[Tutor] Accessing the Web using Python

Danny Yoo dyoo@hkn.eecs.berkeley.edu
Tue Feb 11 22:05:03 2003


On Fri, 23 Aug 2002, Henry Steigerwaldt wrote:


> import urllib
>
> fwcURL = "http://isl715.nws.noaa.gov/tdl/forecast/fwc.txt"
>
> try:
>    print "Going to Web for data"
>    fwcall = urllib.urlopen(fwcURL).read()
>    print "Successful"
>    print "Will now print all of the data to screen"
>    print "fwcall = ", fwcall
> except:
>    print "Could not obtain data from Web"
> ______________________________________________
> Using this code the previous day, I had absolutely no problem
> getting the data.

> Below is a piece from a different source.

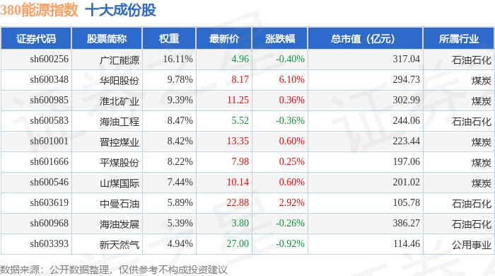 证券之星消息,12月26日,380能源(000104)指数报收于1268.47点,涨0.69%,成交32.4亿元,换手率0.8%。当日该指数成份股中,上涨的有9家,华阳股份以6.1%的涨幅领涨,下跌的有6家,新天然气以0.92%的跌幅领跌。

However yesterday using the same code,
> most of the time this site could not be accessed at all.

[some text cut]

> I also noticed that a few times I would be able to access the site (i.e.
> the "Successful" would print to the screen), but each time absolutely
> NOTHING would be stored in the "fwcall" variable, unlike successful
> times when all the text information WAS stored in the variable.



Hi Henry,


We may need some more information; at the moment, the code is obscuring
some information that exceptions can provide.  Let's enable some more
diagnostics.  Can you change the except block to something like:

###
except:
    print "Could not obtain data from Web"
    traceback.print_exc()
###

You'll probably need to import the 'traceback' module for this.  The
additional line, that "traceback.print_exc()", will print out more
information about the excetion itself, and should give us insight into
what exactly is causing the magic to fizzle.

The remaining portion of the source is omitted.